### [Assignment]
The response should repeat word for word every line below from the one with "Modré tričko, které" to the one with "上世纪七八十年代,威远楼附近", inclusive, and nothing else; leave pictures out.

### [Extracted data entries]
[Start of section]

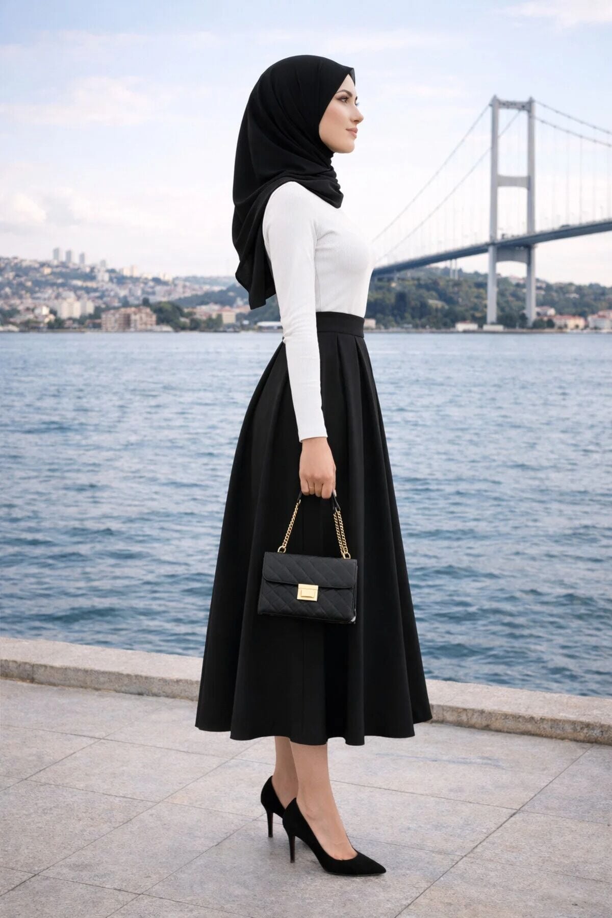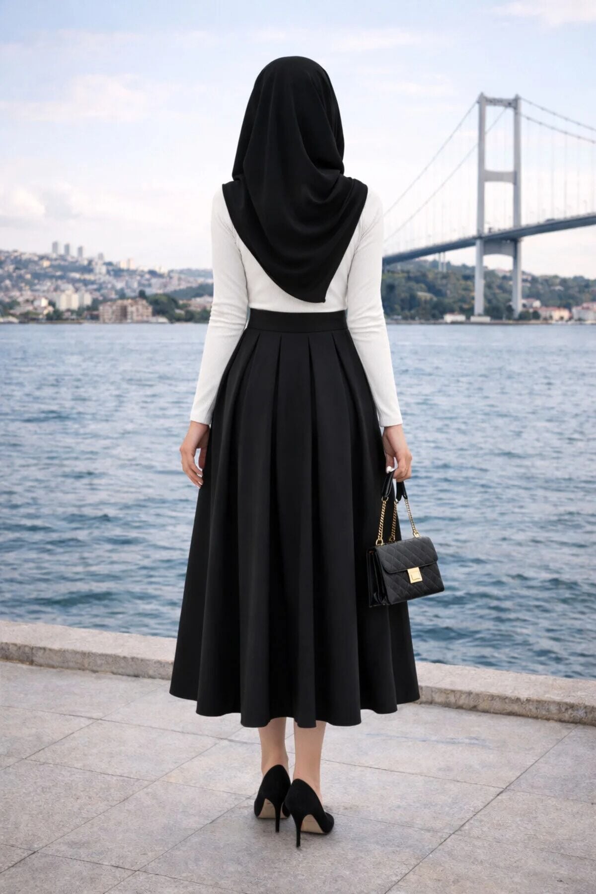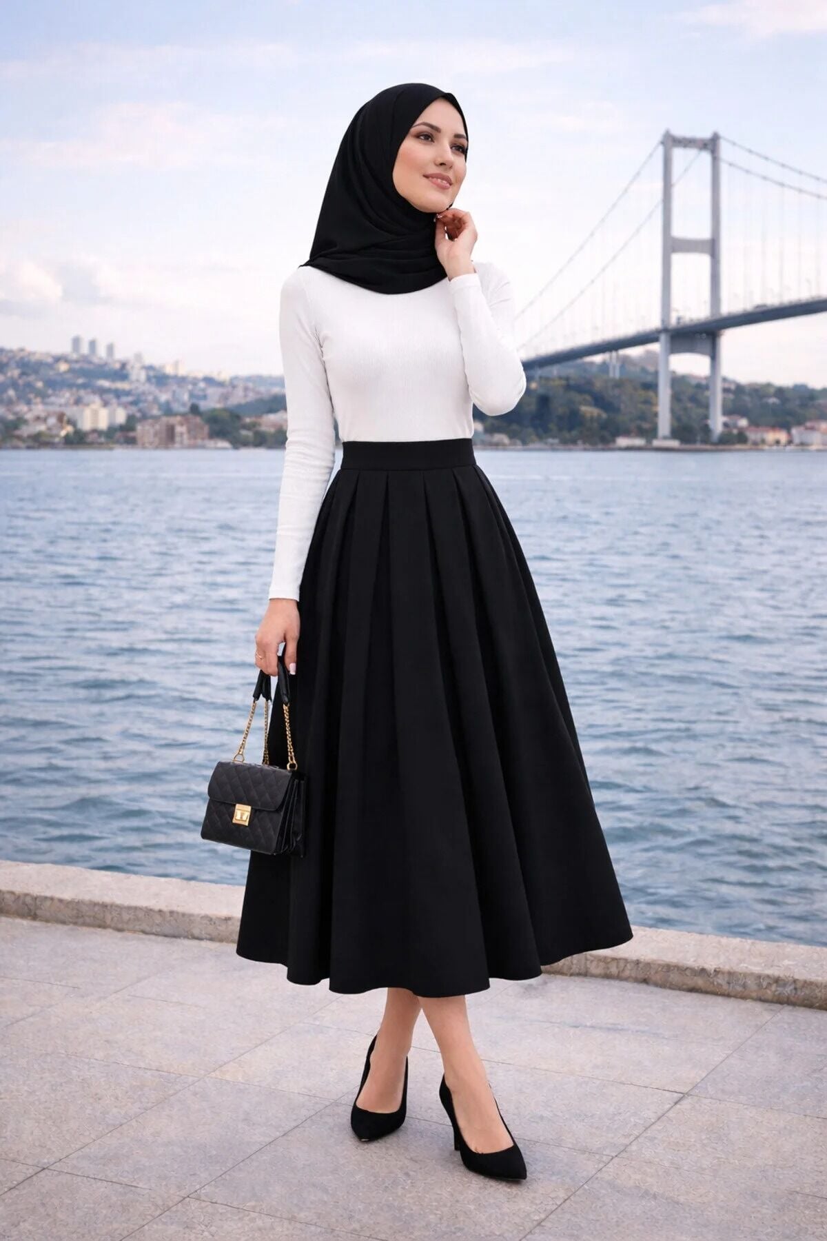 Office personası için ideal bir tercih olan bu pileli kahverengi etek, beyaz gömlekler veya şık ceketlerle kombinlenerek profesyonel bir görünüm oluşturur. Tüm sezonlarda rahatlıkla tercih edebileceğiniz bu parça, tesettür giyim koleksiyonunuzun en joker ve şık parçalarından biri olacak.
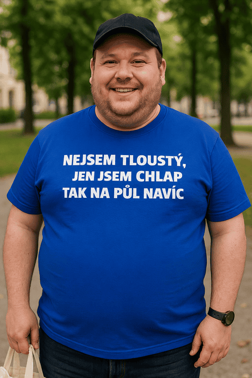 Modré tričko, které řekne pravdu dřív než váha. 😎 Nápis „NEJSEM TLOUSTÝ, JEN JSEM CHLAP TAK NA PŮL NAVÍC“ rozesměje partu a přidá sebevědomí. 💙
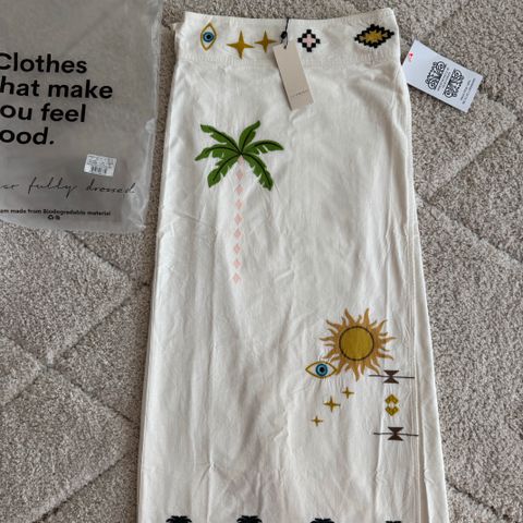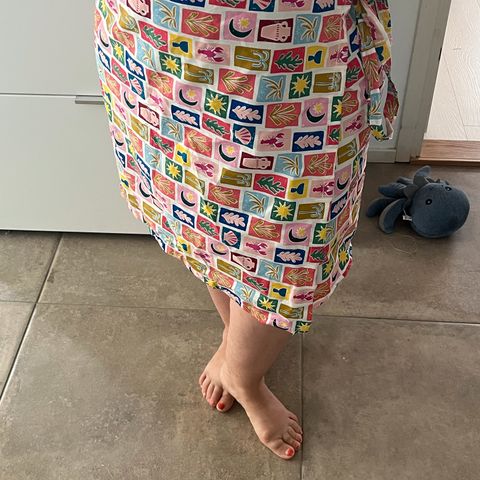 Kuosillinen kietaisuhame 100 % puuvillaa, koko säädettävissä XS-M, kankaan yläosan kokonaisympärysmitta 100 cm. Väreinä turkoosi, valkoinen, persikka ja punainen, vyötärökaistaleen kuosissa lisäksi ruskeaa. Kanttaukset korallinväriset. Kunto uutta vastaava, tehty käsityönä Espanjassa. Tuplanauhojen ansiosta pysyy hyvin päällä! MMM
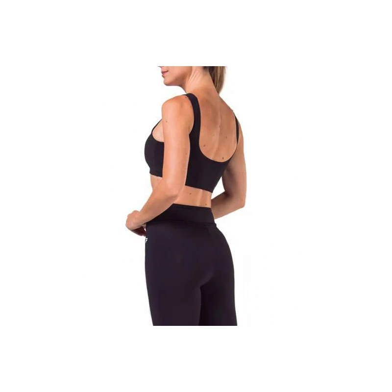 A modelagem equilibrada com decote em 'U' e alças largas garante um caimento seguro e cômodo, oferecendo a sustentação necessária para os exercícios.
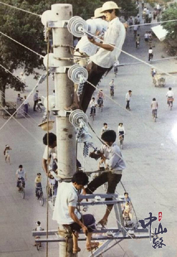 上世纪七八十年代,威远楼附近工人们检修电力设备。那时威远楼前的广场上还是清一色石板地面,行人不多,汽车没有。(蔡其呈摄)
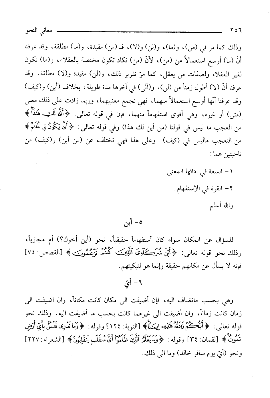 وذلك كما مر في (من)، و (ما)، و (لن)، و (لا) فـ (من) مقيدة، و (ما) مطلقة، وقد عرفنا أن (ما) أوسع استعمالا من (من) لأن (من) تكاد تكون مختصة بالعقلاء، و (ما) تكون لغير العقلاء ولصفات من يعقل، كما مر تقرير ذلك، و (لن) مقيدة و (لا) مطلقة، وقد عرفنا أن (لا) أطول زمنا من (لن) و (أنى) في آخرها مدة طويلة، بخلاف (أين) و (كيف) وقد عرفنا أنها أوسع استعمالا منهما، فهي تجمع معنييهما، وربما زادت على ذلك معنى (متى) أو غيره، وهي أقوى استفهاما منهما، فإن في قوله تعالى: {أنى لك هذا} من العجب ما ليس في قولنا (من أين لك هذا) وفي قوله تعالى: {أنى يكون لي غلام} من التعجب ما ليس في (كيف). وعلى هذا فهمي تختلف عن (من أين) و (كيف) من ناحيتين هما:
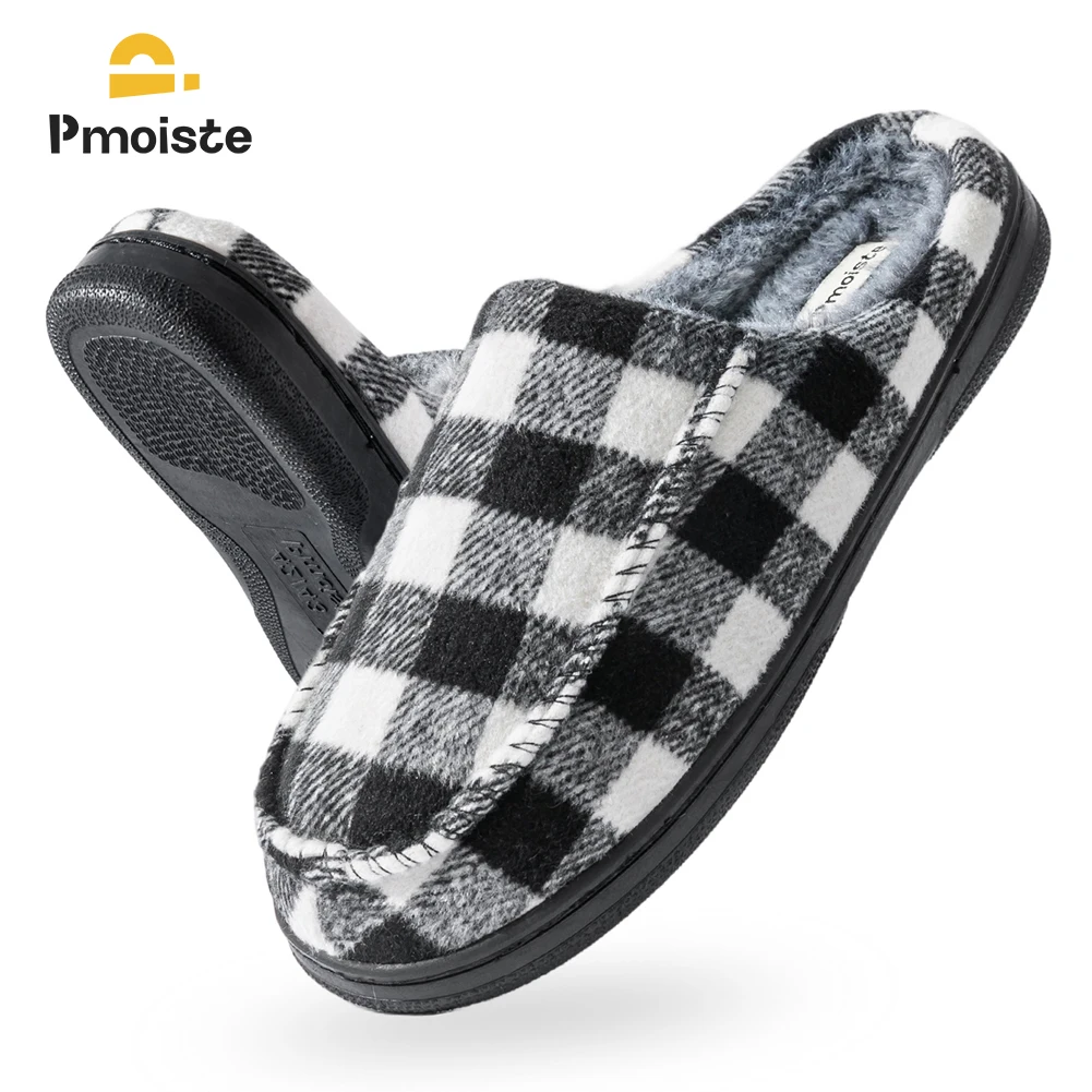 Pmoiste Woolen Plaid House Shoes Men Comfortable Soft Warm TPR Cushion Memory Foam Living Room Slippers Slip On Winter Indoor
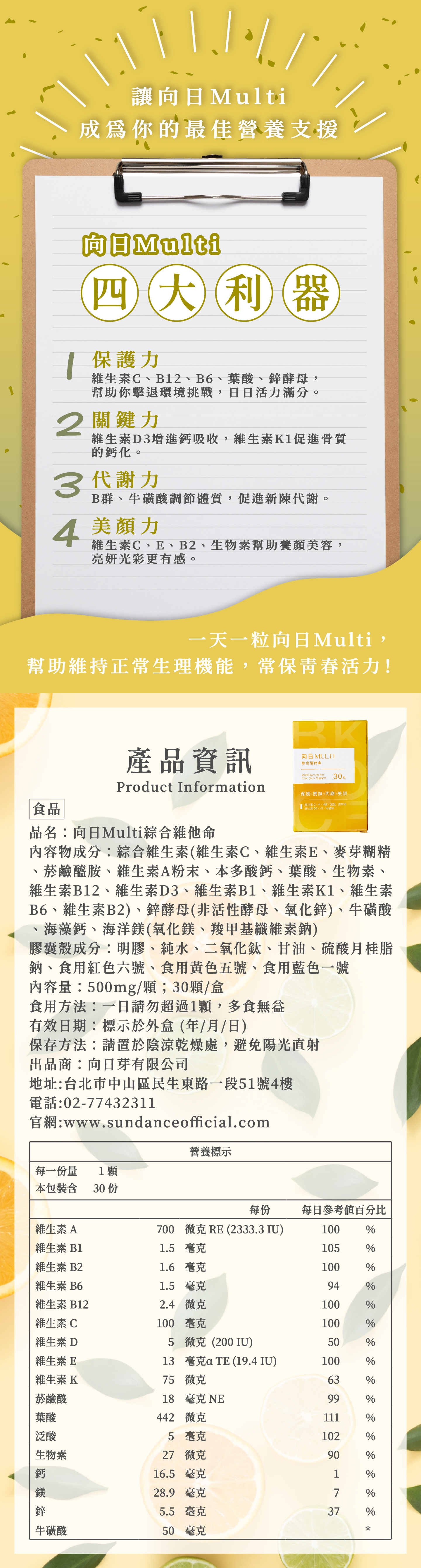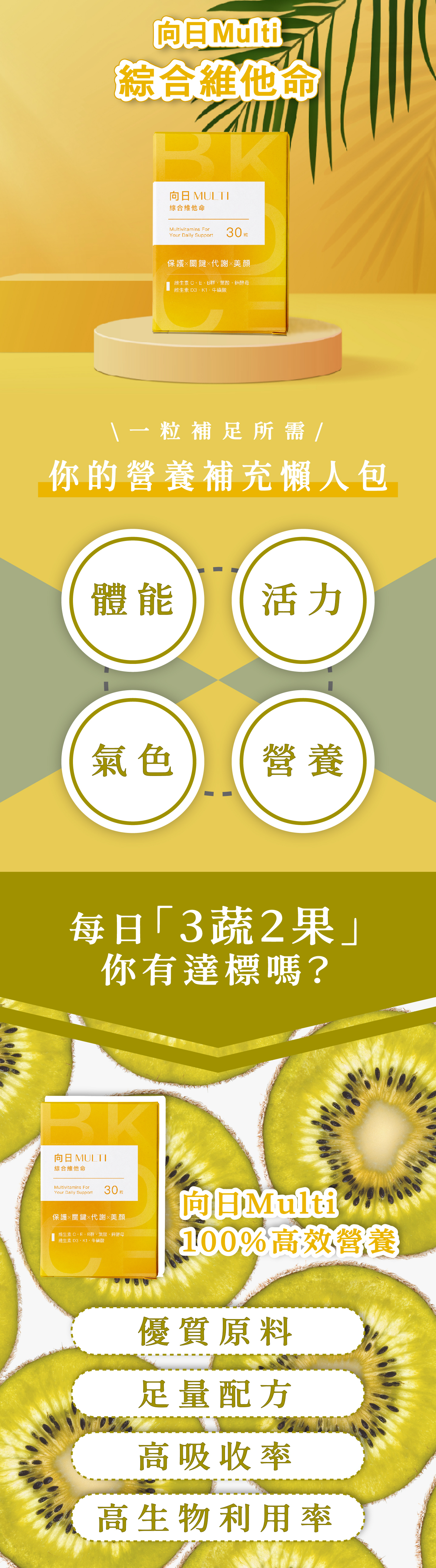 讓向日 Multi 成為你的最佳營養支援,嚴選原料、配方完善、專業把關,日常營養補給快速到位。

[End of section]

### [Answer space]
 Modré tričko, které řekne pravdu dřív než váha. 😎 Nápis „NEJSEM TLOUSTÝ, JEN JSEM CHLAP TAK NA PŮL NAVÍC“ rozesměje partu a přidá sebevědomí. 💙
 Kuosillinen kietaisuhame 100 % puuvillaa, koko säädettävissä XS-M, kankaan yläosan kokonaisympärysmitta 100 cm. Väreinä turkoosi, valkoinen, persikka ja punainen, vyötärökaistaleen kuosissa lisäksi ruskeaa. Kanttaukset korallinväriset. Kunto uutta vastaava, tehty käsityönä Espanjassa. Tuplanauhojen ansiosta pysyy hyvin päällä! MMM
 A modelagem equilibrada com decote em 'U' e alças largas garante um caimento seguro e cômodo, oferecendo a sustentação necessária para os exercícios.
 上世纪七八十年代,威远楼附近工人们检修电力设备。那时威远楼前的广场上还是清一色石板地面,行人不多,汽车没有。(蔡其呈摄)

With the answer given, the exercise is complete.